_Input material_.
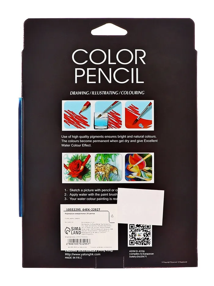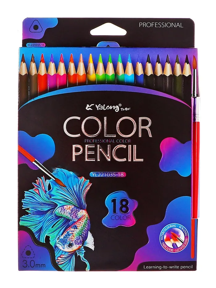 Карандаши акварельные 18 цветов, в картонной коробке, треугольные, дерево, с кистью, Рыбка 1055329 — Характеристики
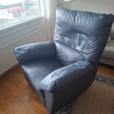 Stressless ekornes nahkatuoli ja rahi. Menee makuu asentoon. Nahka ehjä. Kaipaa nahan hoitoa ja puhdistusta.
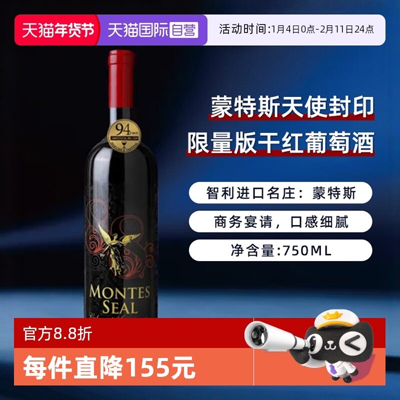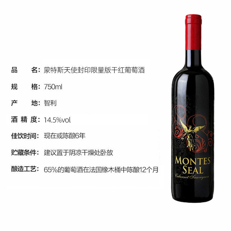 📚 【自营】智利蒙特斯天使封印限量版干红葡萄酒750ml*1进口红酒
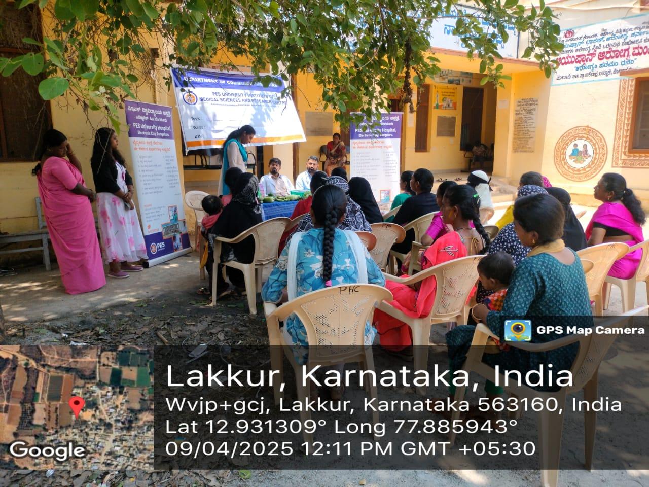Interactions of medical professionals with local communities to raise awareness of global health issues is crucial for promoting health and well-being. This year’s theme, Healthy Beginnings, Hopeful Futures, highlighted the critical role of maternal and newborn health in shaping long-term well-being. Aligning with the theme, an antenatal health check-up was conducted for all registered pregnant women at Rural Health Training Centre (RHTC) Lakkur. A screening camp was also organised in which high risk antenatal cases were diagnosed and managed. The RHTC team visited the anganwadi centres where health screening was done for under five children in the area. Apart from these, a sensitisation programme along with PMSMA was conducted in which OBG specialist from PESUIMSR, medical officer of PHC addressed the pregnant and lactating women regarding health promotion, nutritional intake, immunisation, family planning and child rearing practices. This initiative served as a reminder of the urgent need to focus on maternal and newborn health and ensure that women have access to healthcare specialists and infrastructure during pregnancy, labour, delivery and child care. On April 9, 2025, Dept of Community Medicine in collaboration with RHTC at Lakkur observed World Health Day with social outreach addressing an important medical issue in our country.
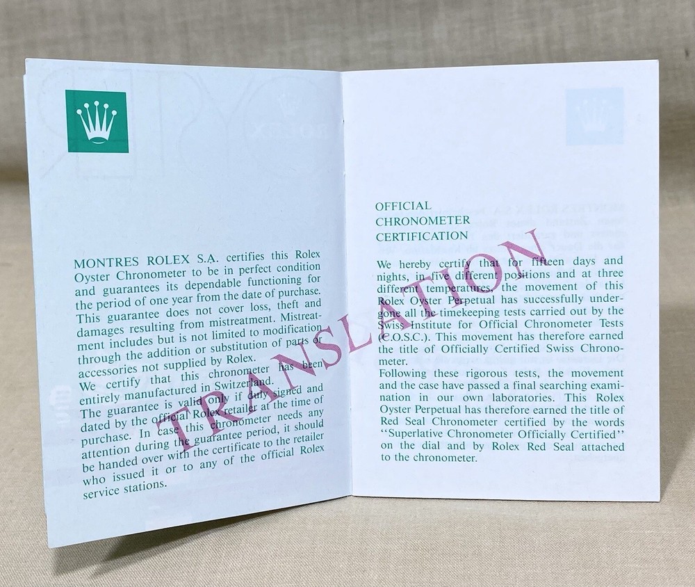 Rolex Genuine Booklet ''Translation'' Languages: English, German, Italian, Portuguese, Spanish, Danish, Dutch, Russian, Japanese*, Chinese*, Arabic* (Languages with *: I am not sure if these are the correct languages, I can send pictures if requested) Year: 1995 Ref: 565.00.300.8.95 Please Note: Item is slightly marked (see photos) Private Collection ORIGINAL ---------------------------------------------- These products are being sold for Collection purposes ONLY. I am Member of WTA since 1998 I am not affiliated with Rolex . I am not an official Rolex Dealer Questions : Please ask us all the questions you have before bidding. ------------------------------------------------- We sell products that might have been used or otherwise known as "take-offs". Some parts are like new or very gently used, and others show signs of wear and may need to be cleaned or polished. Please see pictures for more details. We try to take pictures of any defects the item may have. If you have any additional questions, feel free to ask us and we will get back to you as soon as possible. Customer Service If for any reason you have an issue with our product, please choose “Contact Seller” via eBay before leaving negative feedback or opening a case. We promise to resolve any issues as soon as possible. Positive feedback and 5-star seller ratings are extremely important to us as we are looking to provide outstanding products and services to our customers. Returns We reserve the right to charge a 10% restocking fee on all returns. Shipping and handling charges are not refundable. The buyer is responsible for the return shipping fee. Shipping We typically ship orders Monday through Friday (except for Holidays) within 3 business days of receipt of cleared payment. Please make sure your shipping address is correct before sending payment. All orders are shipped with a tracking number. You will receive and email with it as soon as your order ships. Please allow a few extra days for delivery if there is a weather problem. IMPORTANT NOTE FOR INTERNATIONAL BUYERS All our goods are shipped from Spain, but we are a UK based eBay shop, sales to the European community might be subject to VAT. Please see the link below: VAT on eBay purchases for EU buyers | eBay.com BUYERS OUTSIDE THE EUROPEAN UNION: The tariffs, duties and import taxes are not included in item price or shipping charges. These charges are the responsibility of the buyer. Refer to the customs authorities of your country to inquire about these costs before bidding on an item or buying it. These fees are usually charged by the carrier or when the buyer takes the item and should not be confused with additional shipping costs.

_Problem_.
Please reproduce every record exactly, leaving the pictures out.

_Result below_.
 Карандаши акварельные 18 цветов, в картонной коробке, треугольные, дерево, с кистью, Рыбка 1055329 — Характеристики
 Stressless ekornes nahkatuoli ja rahi. Menee makuu asentoon. Nahka ehjä. Kaipaa nahan hoitoa ja puhdistusta.
 📚 【自营】智利蒙特斯天使封印限量版干红葡萄酒750ml*1进口红酒
Interactions of medical professionals with local communities to raise awareness of global health issues is crucial for promoting health and well-being. This year’s theme, Healthy Beginnings, Hopeful Futures, highlighted the critical role of maternal and newborn health in shaping long-term well-being. Aligning with the theme, an antenatal health check-up was conducted for all registered pregnant women at Rural Health Training Centre (RHTC) Lakkur. A screening camp was also organised in which high risk antenatal cases were diagnosed and managed. The RHTC team visited the anganwadi centres where health screening was done for under five children in the area. Apart from these, a sensitisation programme along with PMSMA was conducted in which OBG specialist from PESUIMSR, medical officer of PHC addressed the pregnant and lactating women regarding health promotion, nutritional intake, immunisation, family planning and child rearing practices. This initiative served as a reminder of the urgent need to focus on maternal and newborn health and ensure that women have access to healthcare specialists and infrastructure during pregnancy, labour, delivery and child care. On April 9, 2025, Dept of Community Medicine in collaboration with RHTC at Lakkur observed World Health Day with social outreach addressing an important medical issue in our country.
 Rolex Genuine Booklet ''Translation'' Languages: English, German, Italian, Portuguese, Spanish, Danish, Dutch, Russian, Japanese*, Chinese*, Arabic* (Languages with *: I am not sure if these are the correct languages, I can send pictures if requested) Year: 1995 Ref: 565.00.300.8.95 Please Note: Item is slightly marked (see photos) Private Collection ORIGINAL ---------------------------------------------- These products are being sold for Collection purposes ONLY. I am Member of WTA since 1998 I am not affiliated with Rolex . I am not an official Rolex Dealer Questions : Please ask us all the questions you have before bidding. ------------------------------------------------- We sell products that might have been used or otherwise known as "take-offs". Some parts are like new or very gently used, and others show signs of wear and may need to be cleaned or polished. Please see pictures for more details. We try to take pictures of any defects the item may have. If you have any additional questions, feel free to ask us and we will get back to you as soon as possible. Customer Service If for any reason you have an issue with our product, please choose “Contact Seller” via eBay before leaving negative feedback or opening a case. We promise to resolve any issues as soon as possible. Positive feedback and 5-star seller ratings are extremely important to us as we are looking to provide outstanding products and services to our customers. Returns We reserve the right to charge a 10% restocking fee on all returns. Shipping and handling charges are not refundable. The buyer is responsible for the return shipping fee. Shipping We typically ship orders Monday through Friday (except for Holidays) within 3 business days of receipt of cleared payment. Please make sure your shipping address is correct before sending payment. All orders are shipped with a tracking number. You will receive and email with it as soon as your order ships. Please allow a few extra days for delivery if there is a weather problem. IMPORTANT NOTE FOR INTERNATIONAL BUYERS All our goods are shipped from Spain, but we are a UK based eBay shop, sales to the European community might be subject to VAT. Please see the link below: VAT on eBay purchases for EU buyers | eBay.com BUYERS OUTSIDE THE EUROPEAN UNION: The tariffs, duties and import taxes are not included in item price or shipping charges. These charges are the responsibility of the buyer. Refer to the customs authorities of your country to inquire about these costs before bidding on an item or buying it. These fees are usually charged by the carrier or when the buyer takes the item and should not be confused with additional shipping costs.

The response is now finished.